The government also intends to scrap OHIP coverage for travellers who seek medical help while in other countries. OHIP previously paid out $400 per day for inpatient services and up to $200 per day for any other level of care. Additionally, it plans to cut overtime and premium rates offered to the workforce, while introducing a more stringent attendance management program.
Perhaps the most significant backlash has resulted from cuts to public health and a decision to reduce the number of public health units — which offer disease prevention and healthy living programs such as vaccinations, flu clinics and nutrition programs — from 35 to just 10.
One of the units is expected to bring Halton, Peel, Waterloo and Wellington-Dufferin-Guelph regions under a single umbrella. However, a report by Polsinelli, presented to Peel council on June 27, said Peel’s current geographic area and population, pegged at 1.4 million, are large enough to have an effective stand-alone public health unit.
"The size, diversity and growth rate of the Region of Peel population requires a planning and delivery lens that would not be shared across the breadth of the proposed region entity," the report says. "While fewer and larger entities are expected to increase consistency in program and service delivery across Ontario, such a large and wide-ranging entity could create challenges to effectively respond to specific local public health priorities.”

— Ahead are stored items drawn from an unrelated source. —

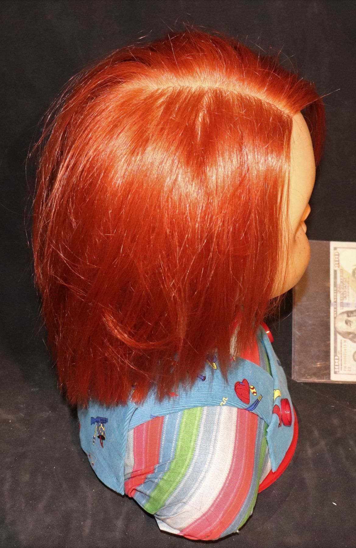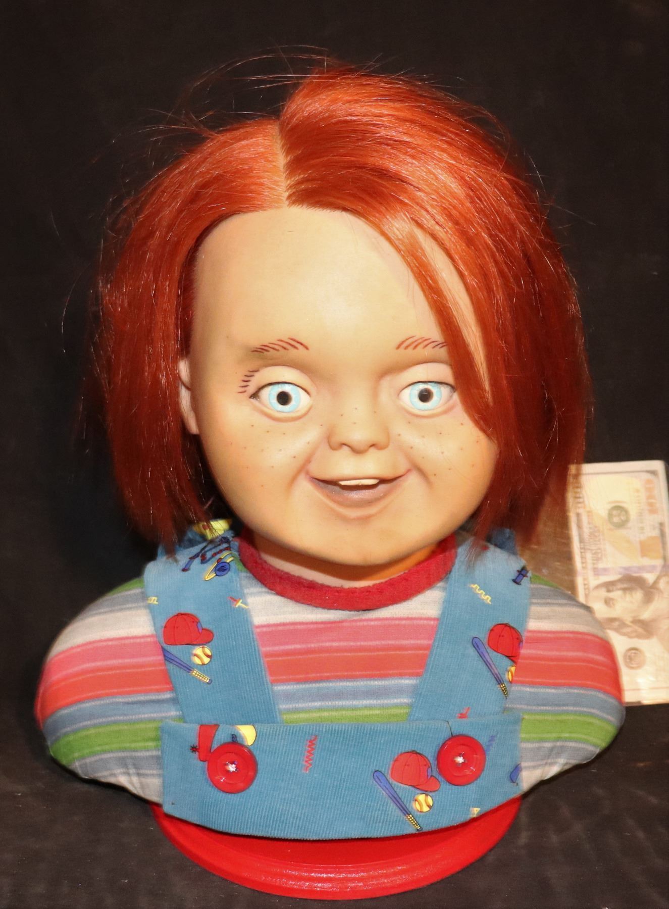 CURSE OF CHUCKY SCREEN USED GOOD GUY HEAD SILICONE ON CUSTOM DISPLAY BUST!
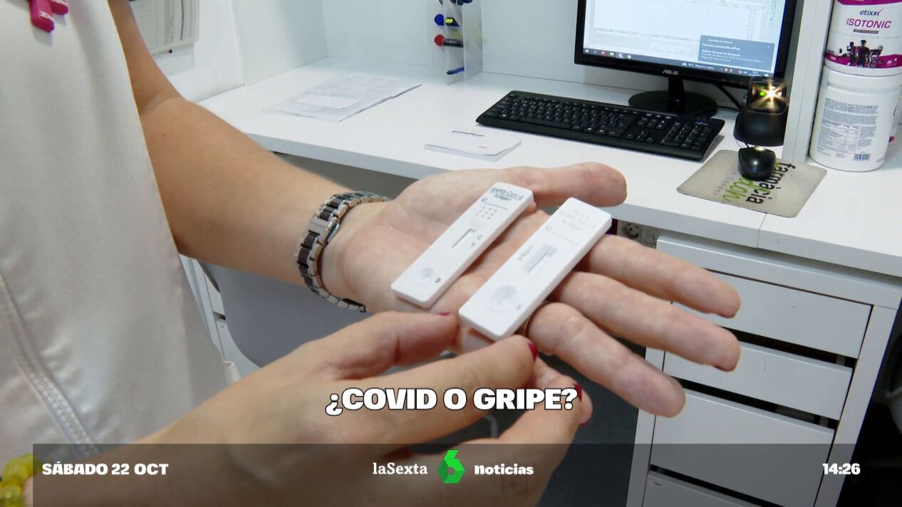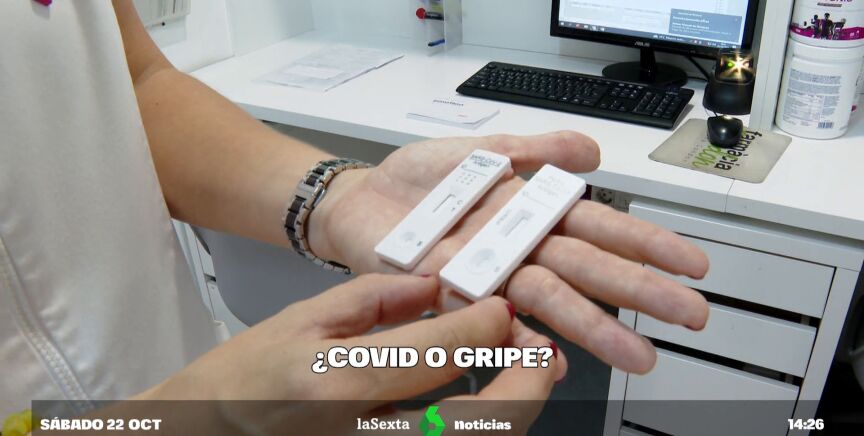 Los test combinados que diagnostican COVID y gripe al mismo tiempo ya se venden más que los tradicionales. Tienen el mismo formato que los que nos hacíamos cuando estalló la pandemia, solo que ahora son dos pruebas. Con un test nasal o salival, en 15 minutos están los resultados. "Si sale más de una raya, es que tenemos gripe o COVID, eso puede pasar. Y si no sale ninguna, es que no tenemos ninguna de estas patologías y podría ser un resfriado común", ha contado a laSexta Ariadna Condon, farmacéutica.
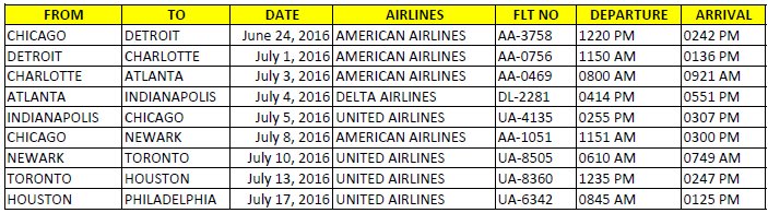 Internal Travel flight details (USA & Canada)
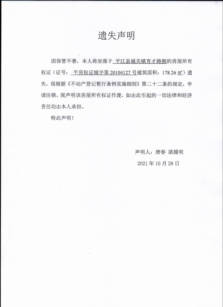 唐春 湛媛明房屋所有权证遗失声明
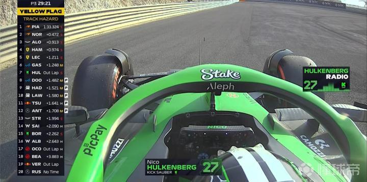 熟悉的Anti-stall!霍肯博格的赛车在4号弯触发防熄火装置后停在了8号弯旁,赛会出示虚拟安全车!
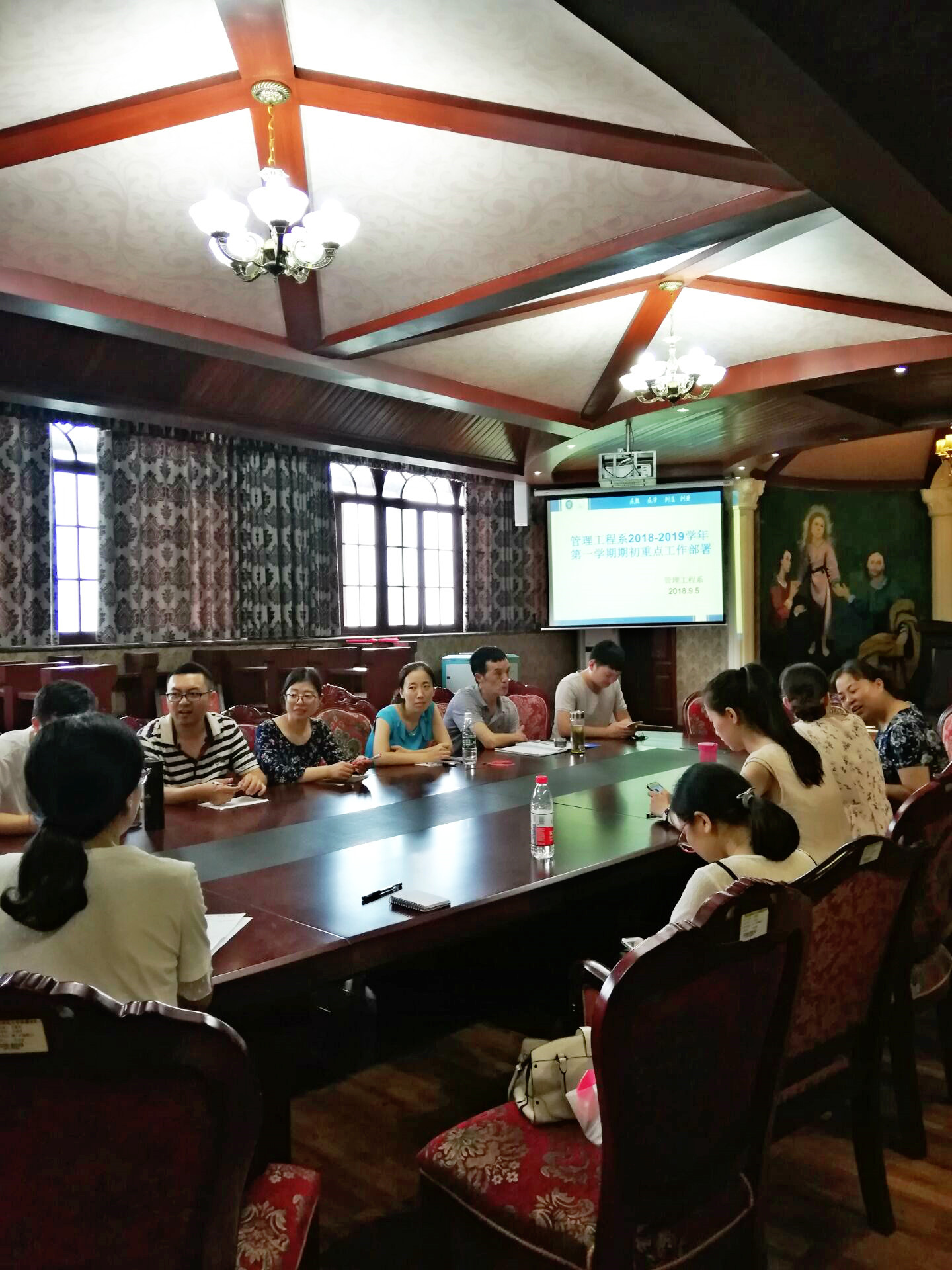 为创造一个良好的开端,明确奋斗目标,营造和谐、浓厚的开学氛围,以良好的精神风貌投入新学期的工作和学习中,9月5日下午16点,管理工程系在第二实验楼英美村召开新学期工作部署会。会议安排如下,首先信息管理教研室主任王哲和工程管理教研室主任周梦娇对新入职教师开展了岗前培训;接着周梦娇老师从教研室本学年工作重点出发带领大家讨论了新学期工作初步安排;最后系主任林毅对2018-2019学年第一学期的重点工作进行了部署。
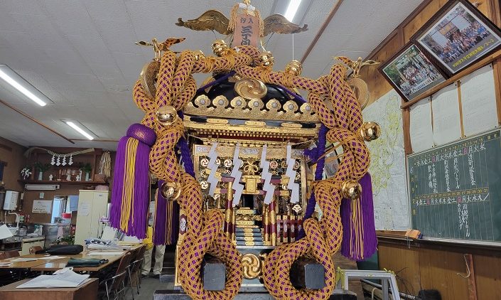 町内神輿を3年ぶりに出し、化粧をして飾り付けました。

The advocacy group Mayors and Regional Chairs of Ontario (MARCO) also expressed its concern in a motion following its June 7 meeting. The group said its members “strongly urge” the provincial government to rethink its strategy to merge local public health units.
"The fully-integrated health service model currently used by municipalities has proven to be cost-effective and efficient, (and) the population, local demographics and geography of the affected municipalities are vital elements of the review towards ensuring that the health of Ontarians [is] not negatively impacted by the boundaries changes," the motion reads.
The governing PCs say such measures would help promote efficiency and end hallway healthcare.
However, a report published by the Financial Accountability Office of Ontario (FAO), the province’s financial watchdog, says trying to reduce hallway healthcare while also reducing the budget deficit may not be viable. The report said a fall in healthcare funding would make it difficult to achieve its objective of improved access to hospital beds.
“Based on FAO calculations, to achieve the health ministry spending restraint outlined in the 2019 budget, the Province will be required to restrict base hospital operating funding growth to less than one per cent annually over five years,” the report says. “It is not clear whether targeting spending to long-term care homes, community programs and health capital program areas, while restricting base hospital operating funding growth to less than one per cent, will allow the Province to achieve its objective to end hallway health care.”
In addition, the report disputes the claim that creating OHTs will save $350 million.
“Based on the FAO’s review, it is not clear what impact, if any, the formation of Ontario Health Teams will have on MOHLTC’s (Ministry of Health and Long Term Care) budget. The Province has not publicly announced any savings targets resulting from this initiative,” the report said.